The next afternoon Howard found Miss Leland sitting, reading in an alcove in her drawing-room, between a stuffed parroquet and a blue De Morgan jar. As he was shown in he noticed, with a momentary shock, that her features were quite commonplace. Then she saw him, and at once seemed to vanish wrapped in an exulting flame of life. She stood up, flinging the book on to the seat with some violence.
‘I have been reading the “Imitation of Christ,” and was just feeling that I should have to become a theosophist or a socialist, or go and join the Catholic Church, or do something. How delightful it is to see you again! How is my savage getting on? It is so good of you to try and help me to reform him.’
They talked on about Sherman, and Howard did his best to console her for his shortcomings. Time would certainly improve her savage. Several times she gazed at him with those large dark eyes of hers, of which the pupils to-day seemed larger than usual. They made him feel dizzy and clutch tightly the arm of his chair. Then she began to talk about her life since childhood—how they got to the subject he never knew—and made a number of those confidences which are so dangerous because so flattering. To love—there is nothing else worth living for; but then men are so shallow. She had never found a nature deep as her own. She would not pretend that she had not often been in love, but never had any heart rung back to her the true note. As she spoke her face quivered with excitement. The exulting flame of life seemed spreading from her to the other things in the room. To Howard’s eyes it seemed as though the bright pots and stuffed birds and plush curtains began to glow with a light not of this world—to glimmer like the strange and chaotic colours the mystic Blake imagined upon the scaled serpent of Eden. The light seemed gradually to dim his past and future, and to make pale his good resolves. Was it not in itself that which all men are seeking, and for which all else exists?

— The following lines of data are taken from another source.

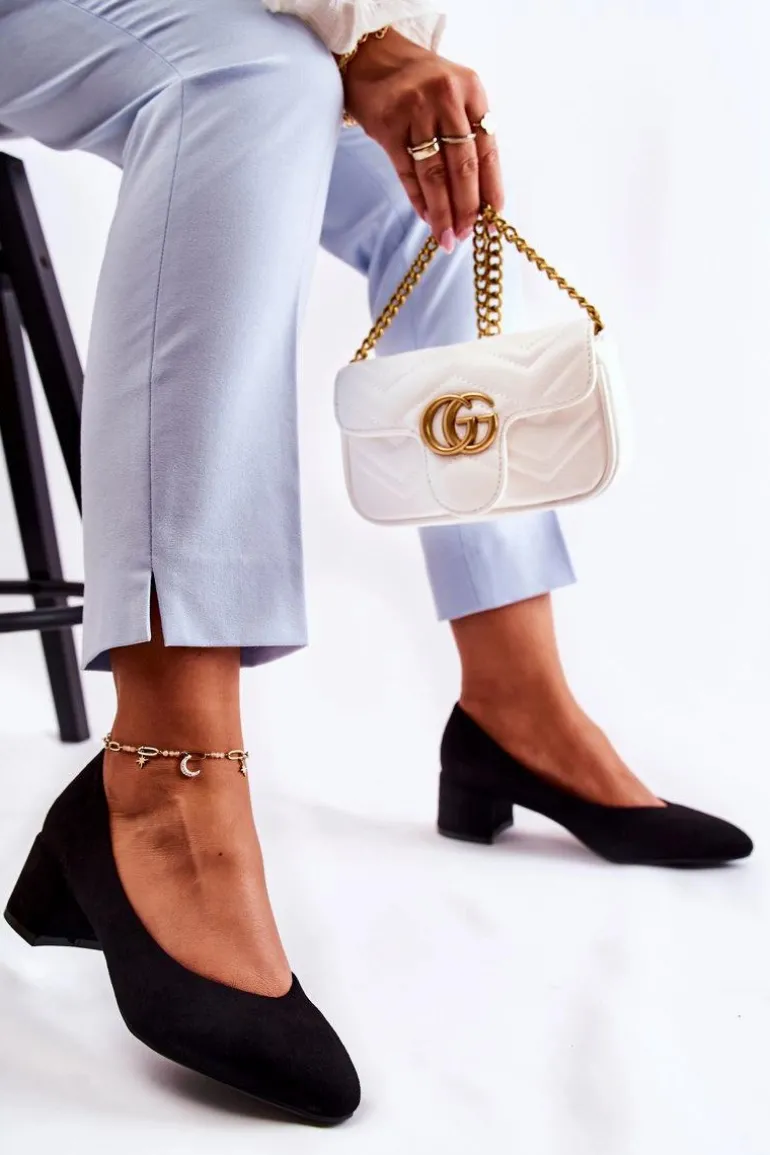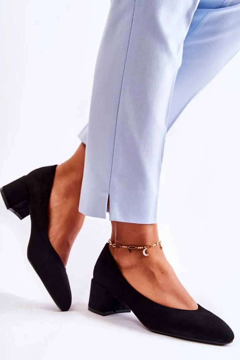Klasyczne i eleganckie czółenka zostały wykonane z eko zamszu. Model posiada obcas w postaci niskiego słupka, co zapewni stabilność. Miękka i komfortowa w użytkowaniu wkładka wykonana jest z eko skóry. Model wsuwany z noskiem w szpic. Koniecznie sprawdź pozostałe modele czółenek dostępnych w naszej ofercie. Przy wyborze rozmiaru prosimy sugerować się tabelą rozmiarów.
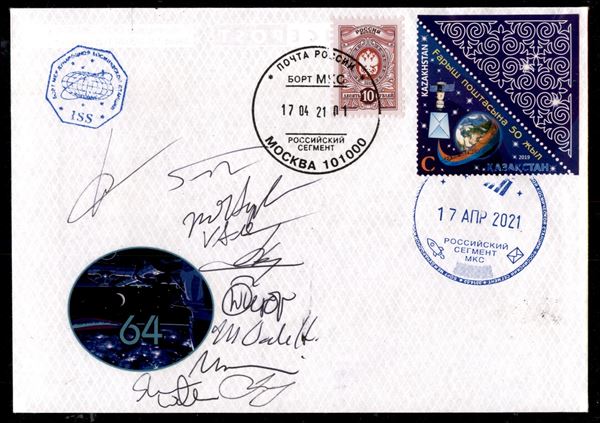 2021 - Spedizione 64 - distacco Soyuz MS - 17/155 - cosmogramma con l'emblema della missione annullato sulla Stazione Spaziale il 17.4.21 - firme autografe dei 10 astronauti da 3 missioni diverse M. Hopkins V. Glover S. Walker S. Noguchi S. Ryzhikov S. Kud-Sverchkov K. Rubins O. Novickiy P. Dubrov e M. Vande Hei - molto bella e di ottima qualità
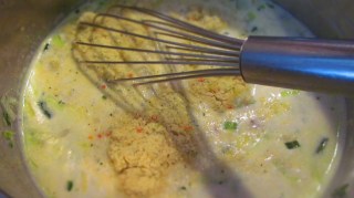 - Добавям към готовото тесто само част от празия лук и подправям със сол, черен пипер и индийско орехче.
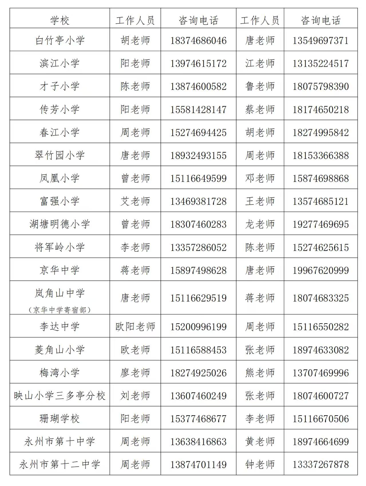 附件2:冷水滩区2025年秋季城区义务教育学校招生咨询电话
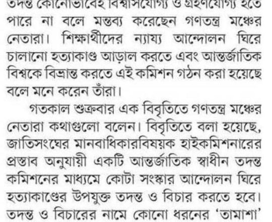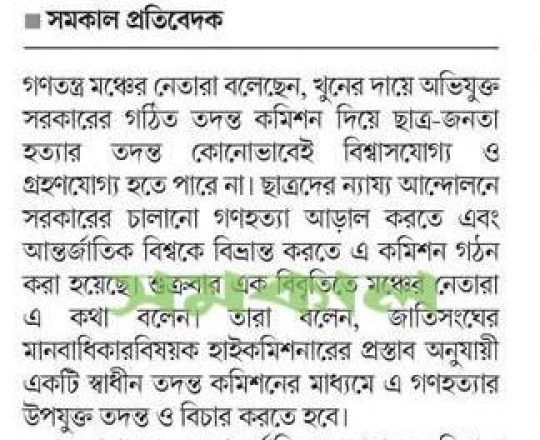 সমকাল, ৩ আগস্ট ২০২৪, গণতন্ত্র মঞ্চের নেতারা বললেন তদন্ত কমিশন গঠন করা হয়েছে গণহত্যা আড়াল করতেই
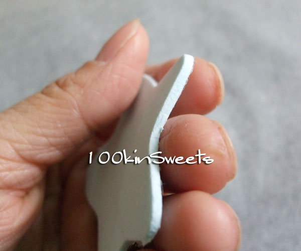 3.アイシングシートの端か、クッキーにボンドをつけてシートを貼ります。
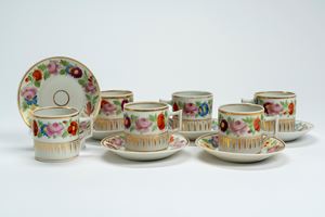 Sei tazzine con piattini in porcellana, decorate in policromia a motivi floreali con dorature. Francia, inizio secolo XIX
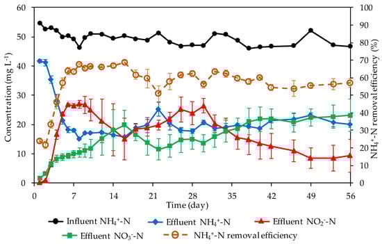 Changes in NH4+-N, NO2−-N, and NO3−-N concentration and NH4+-N removal efficiency over 56 days of operation. Values are means ± SD (n = 4).
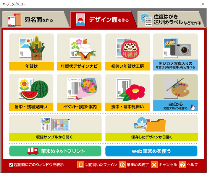 「デザイン面を作る」タブをクリックし、[白紙から文面デザインを作る]をクリックします。![]() |
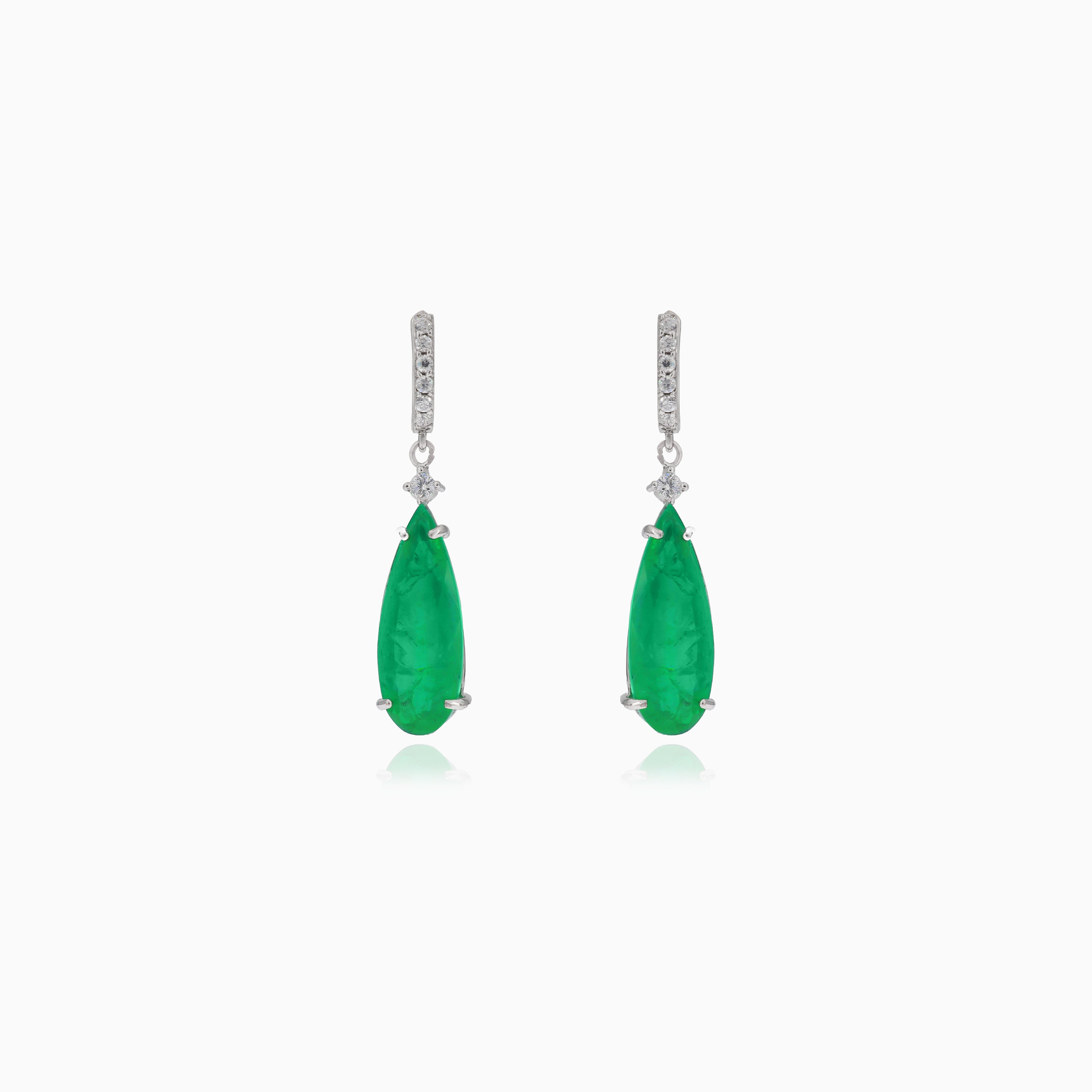Sublimez votre style avec ces boucles d’oreilles pendantes en argent, présentant une goutte captivante d’émeraude synthétique et des zircones cubiques, pour une allure sophistiquée et élégante.
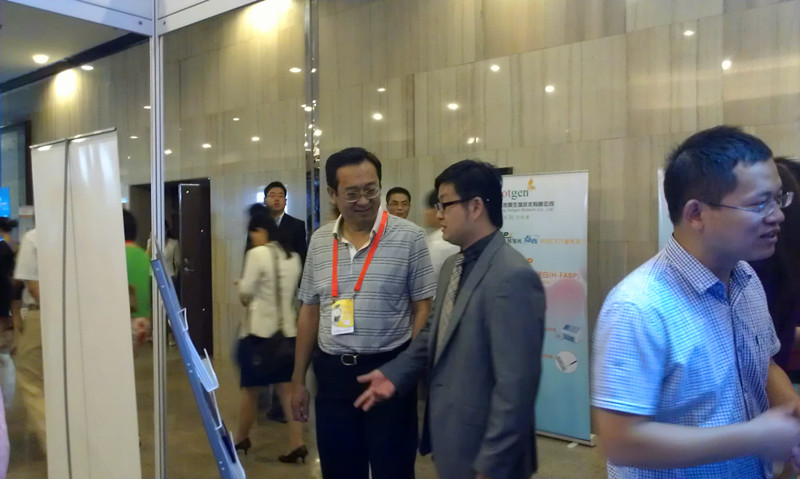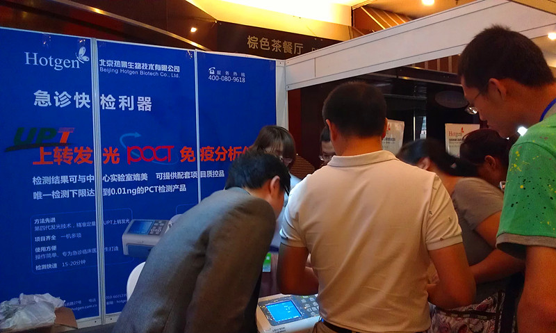 會(huì)議期間,熱景生物展示急診快檢利器——上轉(zhuǎn)發(fā)光免疫分析儀,獨(dú)特的方法,全面的產(chǎn)品,引起急診領(lǐng)域?qū)<依蠋煹母叨扰d趣,紛紛到展臺(tái)咨詢(xún)儀器的使用及產(chǎn)品的性能等,熱景生物的工作人員耐心的給參觀人員做了詳細(xì)的介紹。
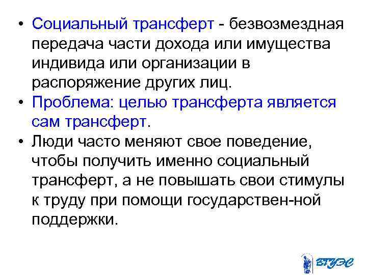 • Социальный трансферт безвозмездная передача части дохода или имущества индивида или организации в распоряжение других лиц. • Проблема: целью трансферта является сам трансферт. • Люди часто меняют свое поведение, чтобы получить именно социальный трансферт, а не повышать свои стимулы к труду при помощи государствен ной поддержки.
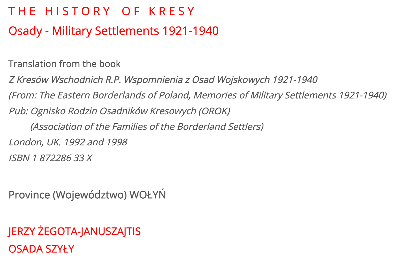 Read Maria Szuba-Tomaszewska’s memories of life in the Budowla Osada translated from Wspomnienia z Osad Wojskowych. It tells a moving story of Soviet invasion, crimes, removal of military settlements and deportation. She writes about the loss of family in Siberia and eventual return home to Wojcieszyn.
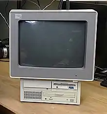 EduQuest's first computer system was the PS/2 Model 25 SX, an update to the Model 25 all-in-one offering within IBM's PS/2 line of personal computers that upgraded the processor to an i386SX.[11] The PS/2 Model 25 SX was developed shortly before the formation of EduQuest, in IBM's Boca Raton facility, led by José García.[12] EduQuest's later computer systems were still based on the Model 25 form factor but broke away from the PS/2 branding. In 1993, they introduced the Model Thirty, Model Forty, and Model Fifty. School district technology departments could order these models with adjustments to the hardware such as the networking capability (token ring, Ethernet or none at all); the amount of RAM; the presence of sound card; the size of the hard disk drive; and whether to install the optional CD-ROM drive. EduQuest developed the systems to withstand the rigors of elementary and secondary school use through physically attaching the mouse to the system chassis and making the mouse unable to be tampered with to remove the roller ball; covering the floppy drive with a dust shield to prevent chalk dust and dirt from gumming up the internals; and a special optional keyboard with a built-in trackball.[13] In May 1994, EduQuest introduced the Model Thirty-five and Model Fifty-Five, featuring upgraded processors.[14] The Easton Area School District purchased 1,418 of these Models in November 1994.[15]
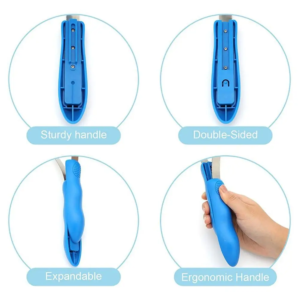 Tipo: cepillo de aseo para perros Tamaño: como en la imagen Color: Azul Característica: duradero, resistente Paquete: 1 pieza * Cepillo de aseo para perros Hecho de acero inoxidable de primera calidad, duradero y resistente. Este peine para mascotas está diseñado con acero inoxidable, que puede cortar eficazmente las alfombrillas y evitar daños a su mascota. El peinado regular puede eliminar fácilmente la piel muerta y evitar que el vello se caiga. El masaje cutáneo garantiza una mejor circulación. Adecuado para caballos, ovejas, vacas, perros, gatos, etc.
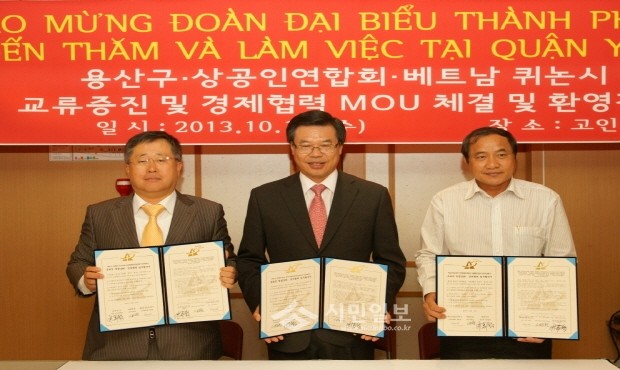 [시민일보]서울 용산구가 지난 16일 베트남 퀴논시와 국제적 역량강화·경제분야 협력 증진을 위한 양해각서(MOU)를 체결했다. 사진은 승만호 용산구 상공인연합회 회장, 성장현 용산구청장과 판 카오탕 퀴논시 당위원회 전담비서 모습.

He leant forward and took her hand, timidly and doubtingly. She did not draw it away. He leant nearer and kissed her on the forehead. She gave a joyful cry, and, casting her arms round his neck, burst out, ‘Ah! you—and I. We were made for each other. I hate Sherman. He is an egotist. He is a beast. He is selfish and foolish.’ Releasing one of her arms she struck the seat with her hand, excitedly, and went on, ‘How angry he will be! But it serves him right! How badly he is dressing. He does not know anything about anything. But you—you—I knew you were meant for me the moment I saw you.’
That evening Howard flung himself into a chair in the empty smoking-room. He lighted a cigarette; it went out. Again he lighted it; again it went out. ‘I am a traitor—and that good, stupid fellow, Sherman, never to be jealous!’ he thought. ‘But then, how could I help it? And, besides, it cannot be a bad action to save her from a man she is so much above in refinement and feeling.’ He was getting into good-humour with himself. He got up and went over and looked at the photograph of Raphael’s Madonna, which he had hung over the mantelpiece. ‘How like Margaret’s are her big eyes!’